13.      GENERAL PROVISIONS

         13.1    Force Majeure. If either party fails to perform any part of
this Agreement due to any cause beyond the reasonable control of such party,
the party so affected shall, upon giving written notice to the other party, be
excused from such performance, provided that such party shall use its
reasonable efforts to avoid or remove such causes of non-performance and shall
continue performance with the utmost dispatch whenever such causes are removed.
When such circumstances arise, the parties shall discuss what, if any,
modification of the terms of this Agreement may be required in order to arrive
at an equitable solution.

         13.2    Governing Law and Arbitration.  This Agreement shall be
governed by the laws of the State of California without reference to conflict
of law principles.  In the event of any dispute under this Agreement, both
parties shall endeavor to settle such dispute amicably between themselves.  In
the event that the parties fail to agree, such dispute shall be settled by
arbitration as follows:  Either party may by notice in writing to the other
require any issue in dispute to be submitted to arbitration in accordance with
this Section 13.2.  From the date of the notice in writing and until such time
as any matter has been finally settled by arbitration hereunder, the running of
the time periods in which a party must cure a breach of  this agreement shall
be suspended as to the subject matter of the dispute.  Such notice shall
contain a statement of the arbitrable issue forming the basis of the dispute
and the position of the moving party as to the proper resolution of that issue.
Within thirty (30) days after receipt of such notice, the responding party
shall submit to the moving party a statement of its conception of the
arbitrable issue in question and of its position as to the proper resolution of
that issue.  Within thirty (30)-days of the responding party's response, each
party shall appoint an independent arbitrator and give the other party written
notice thereof.  In the event a party shall fail to appoint an arbitrator and
provide written notice thereof to the other party within such thirty (30) day
period, an arbitrator shall be appointed for such party by the American
Arbitration Association, as promptly as practicable after request by the other
party.  Thereafter, the two (2) appointed arbitrators shall select a third
arbitrator within thirty (30) days after receipt of a list of proposed
arbitrators having expertise in the pharmaceutical industry proposed by the
American Arbitration Association.  If the two (2) arbitrators designated by the
parties are unable to agreed on the third arbitrator within





                                      -24-
<PAGE>   30
thirty (30) days, then either party with notice to the other party, may call
for such appointment by the American Arbitration Association of the third
arbitrator.  Regardless of the manner of his or her selection, the third
arbitrator shall be one who is qualified by knowledge and experience in the
pharmaceutical field.  Each arbitrator shall agree prior to his or her
appointment to hear the dispute promptly and render a decision as soon as
practicable thereafter.  The arbitration shall be conducted in English in
Chicago, Illinois, in accordance with the commercial arbitration rules or
successor rules then obtaining of the American Arbitration Association to the
extent not inconsistent with this Section 13.2.  The Agreement of two (2) of
the three (3) arbitrators shall be sufficient to render a decision.  The
decision of the panel shall be final and binding upon the parties and
enforcement thereof may be obtained in any court of competent jurisdiction.
The arbitrators may award costs and expenses, including reasonable attorneys'
fees, to the successful party, as the arbitrators deem appropriate.

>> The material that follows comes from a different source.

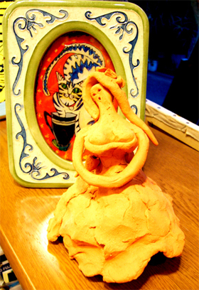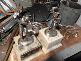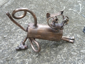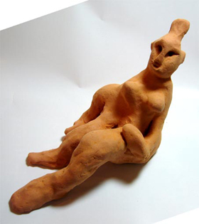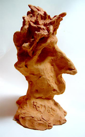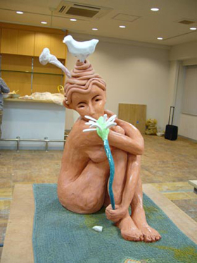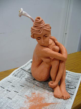 クロッキー(人物の早書きなど)が描けるようになって自然と立体に進んでいました。 最初は紙粘土なんかで作っていましたが、 2006年に、東京芸大の公開講座 『テラコッタで塑像を作る』 という講座を受講して、北郷悟教授に テラコッタの塑像の作り方を教えて頂きました。 その後、至近の『一隅窯』にて、 テラコッタ作品などを焼いていただいていました。 ------ 自分のギャラリーの看板を作ったら、 近所のお店で頼まれたり。 -------- そのあと、職業訓練校で、溶接を習ったり。 色々なことがありました。
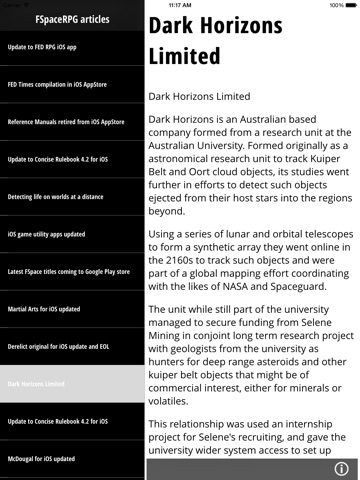 A simple RSS listing of the FSpaceRPG.com RSS feed and linkages to view applicable article page in Safari on the iPhone. Helps you keep in touch with the latest roleplaying game news for science fiction games FSpaceRPG and FED RPG, as well as the fantasy game TayanaRPG.

WITH
RESPECT TO DISPUTES REGARDING AMOUNTS DUE HEREUNDER THE PARTIES AND ARBITRATORS
SHALL USE ALL REASONABLE EFFORTS TO CONCLUDE THE ARBITRATION WITHIN ONE HUNDRED
TWENTY (120) DAYS FROM THE INITIAL NOTICE.

         13.3    Janssen Right of Inspection.  During the term of this
Agreement, VIVUS shall, upon written request of Janssen, permit Janssen's
authorized representative to inspect (and if reasonably necessary to copy) the
following:  (i) all manufacturing and quality control records for all
manufacture of the Product supplied by VIVUS hereunder and (ii) quality control
records of all starting materials used in the manufacture of a Product supplied
by VIVUS hereunder.  In addition, during the term of this Agreement, upon the
written request of Janssen, VIVUS shall permit Janssen's authorized
representative to inspect, at mutually agreeable times and during normal
business hours, the facilities where Product is manufactured for delivery to
Janssen hereunder for the purpose of verifying compliance with GMP and other
applicable regulatory standards.  VIVUS shall remedy any deficiencies
discovered as a result of such inspections as soon as reasonably possible upon
receipt notice of the same from Janssen.

         13.4    Waiver of Breach.  The failure of either party at any time to
require performance of any provision hereof shall not affect its rights at a
later time to enforce the same.  No waiver by either party of any condition or
term in any one or more instances shall be construed as a further or continuing
waiver of such condition or term or of another condition or term.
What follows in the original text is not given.